About indexes
A basic, standard directory feature is the ability to respond quickly to searches.
An LDAP search specifies the information that directly affects how long the directory might take to respond:
-
The base DN for the search.
The more specific the base DN, the less information to check during the search. For example, a request with base DN
dc=example,dc=com
potentially involves checking many more entries than a request with base DNuid=bjensen,ou=people,dc=example,dc=com
. -
The scope of the search.
A subtree or one-level scope targets many entries, whereas a base search is limited to one entry.
-
The search filter to match.
A search filter asserts that for an entry to match, it has an attribute that corresponds to some value. For example,
(cn=Babs Jensen)
asserts thatcn
must have a value that equalsBabs Jensen
.A directory server would waste resources checking all entries for a match. Instead, directory servers maintain indexes to expedite checking for a match.

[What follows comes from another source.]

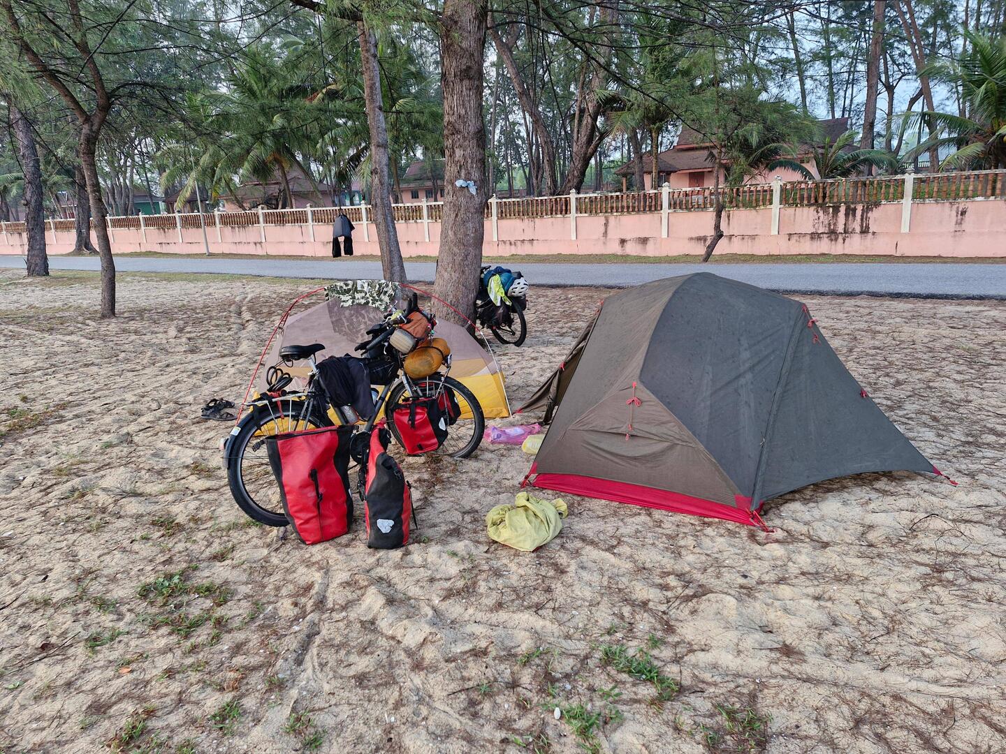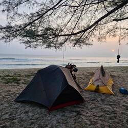 Installation des tentes sous un abri de pêcheur.

LDAP directory servers disallow searches that cannot be handled expediently using indexes. Maintaining appropriate indexes is a key aspect of directory administration.
Role of an index
The role of an index is to answer the question, "Which entries have an attribute with this corresponding value?"
Each index is therefore specific to an attribute.
Each index is also specific to the comparison implied in the search filter. For example, a directory server maintains distinct indexes for exact (equality) matching and for substring matching. The types of indexes are explained in Index types. Furthermore, indexes are configured in specific directory backends.
Index implementation
An index is implemented as a tree of key-value pairs.
The key is a form of the value to match, such as babs jensen
.
The value is a list of IDs for entries that match the key.
The figure that follows shows an equality (case ignore exact match) index with five keys from a total of four entries.
If the data set were large, there could be more than one entry ID per key:
How DS uses indexes
This example illustrates how DS uses an index.
When the search filter is (cn=Babs Jensen)
, DS retrieves the IDs for entries whose CN matches Babs Jensen
by looking them up in the equality index of the CN attribute.
(For a complex filter, it might optimize the search by changing the order in which it uses the indexes.)
A successful result is zero or more entry IDs.
These are the candidate result entries.
For each candidate, DS retrieves the entry by ID from a system index called id2entry
.
As its name suggests, this index returns an entry for an entry ID.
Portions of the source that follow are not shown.